- Born: 27 July 1957 Winneba, Central Region, Ghana
- Died: 10 April 2020 (aged 62) Accra, Ghana
- Education: Kwame Nkrumah University of Science and Technology; Victoria University of Manchester
- Occupations: Physician, academic
- Spouse: Gyikua Plange-Rhule

= Jacob Plange-Rhule =

Ghanaian physician (1957–2020)

Jacob Plange-Rhule (27 July 1957 – 10 April 2020) was a Ghanaian physician, academic, and Rector of the Ghana College of Physicians and Surgeons from October 2015 until his death in 2020.

At the time of his death, Plange-Rhule was a professor and Head of the Department of Physiology of the School of Medical Sciences in Kumasi, Ghana. He was also a consulting physician at the Department of Medicine of the Komfo Anokye Teaching Hospital (KATH) in Kumasi, where he founded the Hypertension and Renal Clinic and headed it for more than two decades.

==Biography==
Plange-Rhule was born on 27 July 1957, in Winneba, Central Region, Ghana. He had his secondary education at the Accra Academy where he obtained his Ordinary-level certificate in 1976 and his Advanced-level certificate in 1978 prior to entering the Kwame Nkrumah University of Science and Technology.

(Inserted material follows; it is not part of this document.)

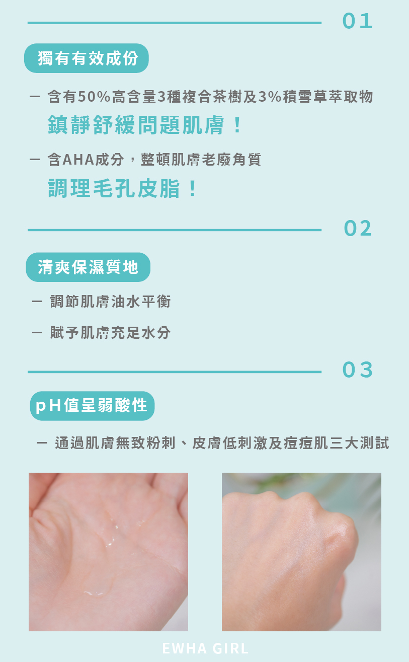 ✅含有50%高含量3種複合茶樹及3%積雪草萃取物,鎮靜舒緩問題肌膚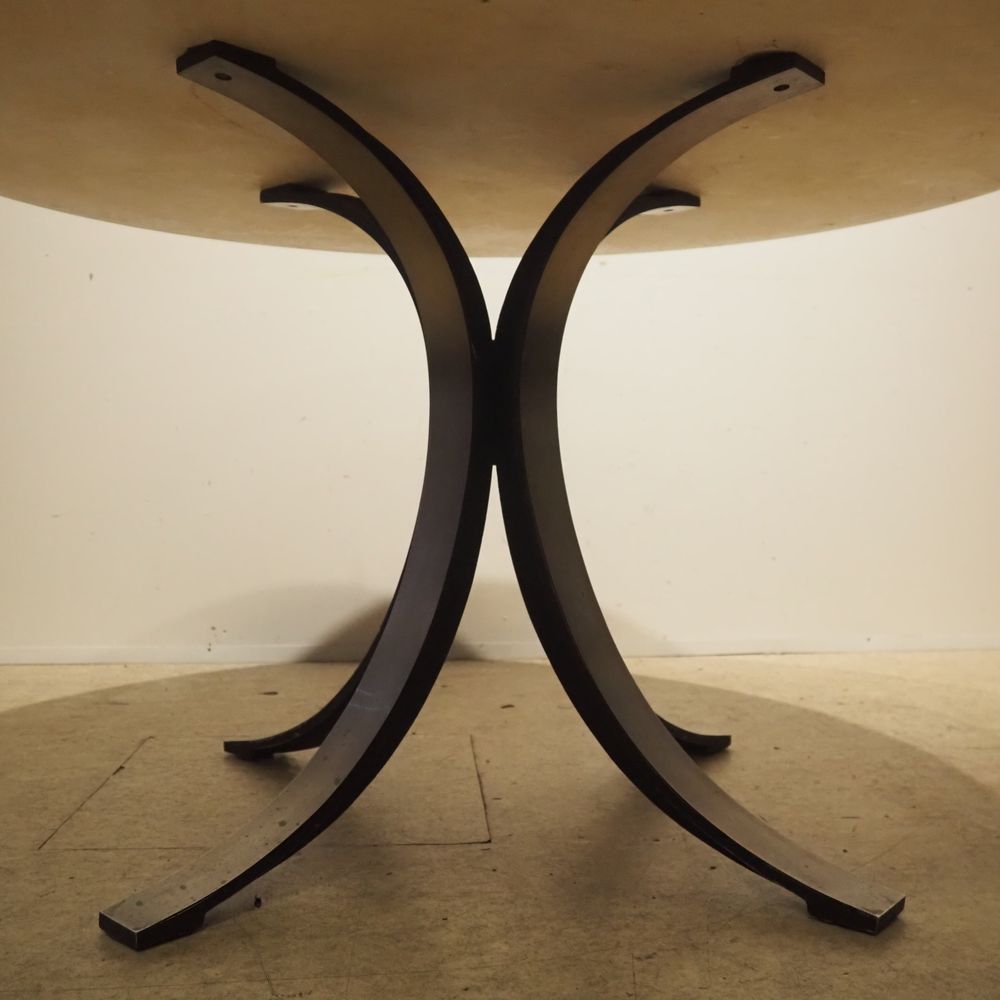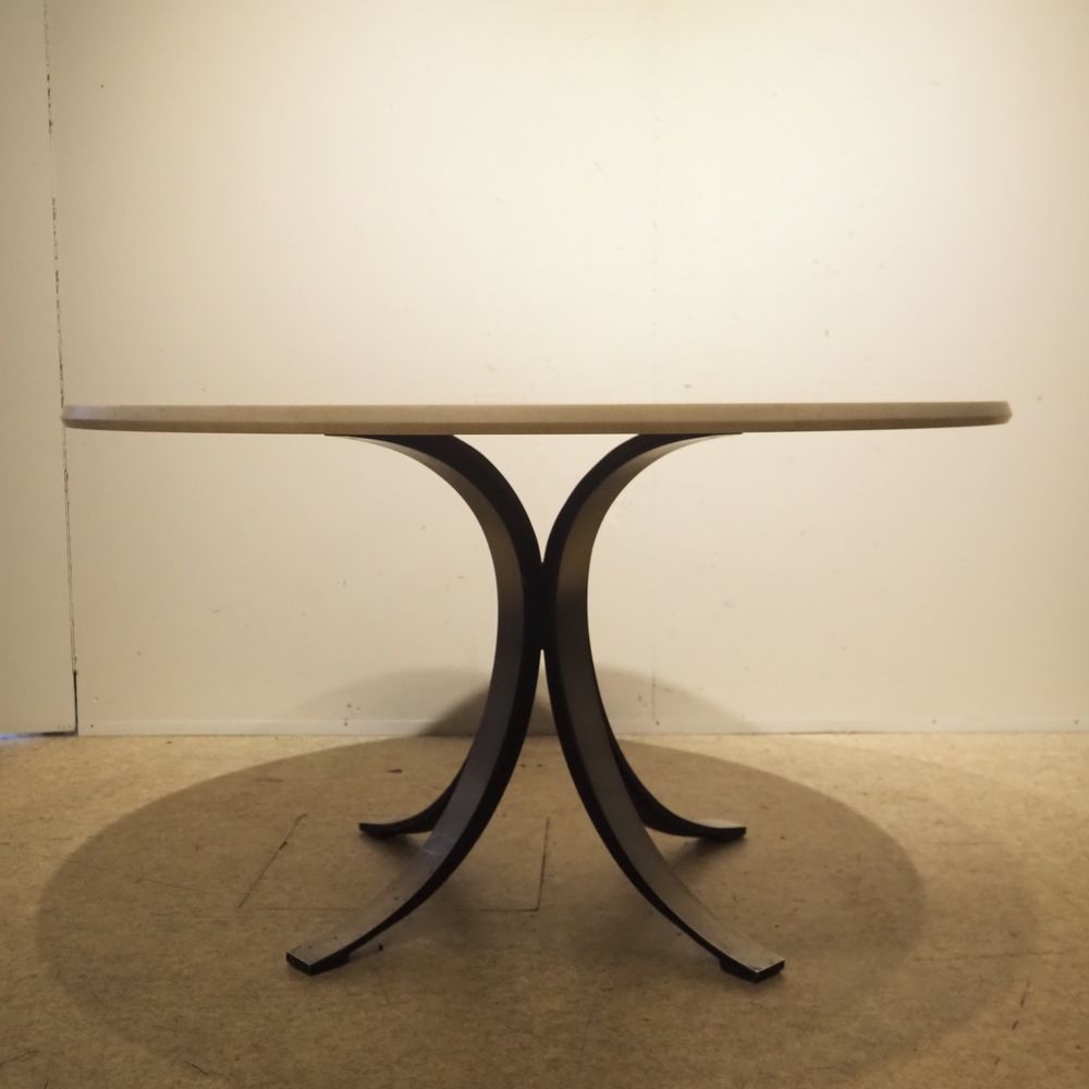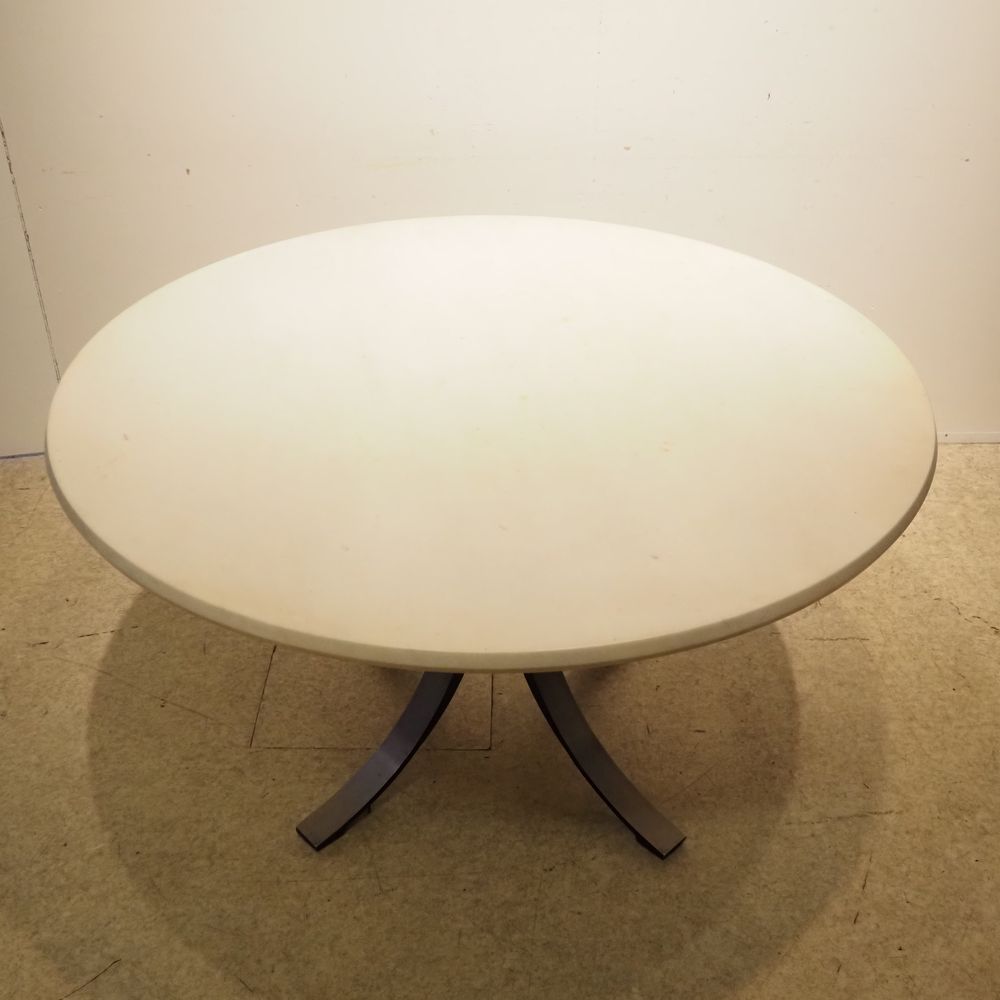 Borsani Osvaldo (1911-1985) / Tecno : Table haute, modèle « T 69 », dessinée en 1963, épais plateau circulaire biseauté en marbre de Carrare blanc veiné gris, posé sur un piétement quadripode en fonte d’aluminium cintré formant C, porte l’étiquette Tecno, très bel état d’origine, diam: 130 cm, H : 73 cm

He graduated with a Bachelor of Medicine, Bachelor of Surgery (MB ChB) from the School of Medical Sciences at Kwame Nkrumah University of Science and Technology in 1984. Plange-Rhule then completed a doctorate in renal physiology from the former Victoria University of Manchester (now known as the University of Manchester) in 1991.

In addition to serving as Rector of the Ghana College of Physicians and Surgeons from 2015 to 2020, Plange-Rhule was a former President of both the Ghana Medical Association (GMA) and the Ghana Kidney Association.

Professor Jacob Plange-Rhule died from a short illness with COVID-19 at the University of Ghana Medical Centre in Accra on 10 April 2020, at the age of 62. He was survived by his wife, Gyikua, a pediatrician, and three children. He was laid to rest on Saturday 23 May 2020 at Gethsemane Memorial Gardens after a private funeral service.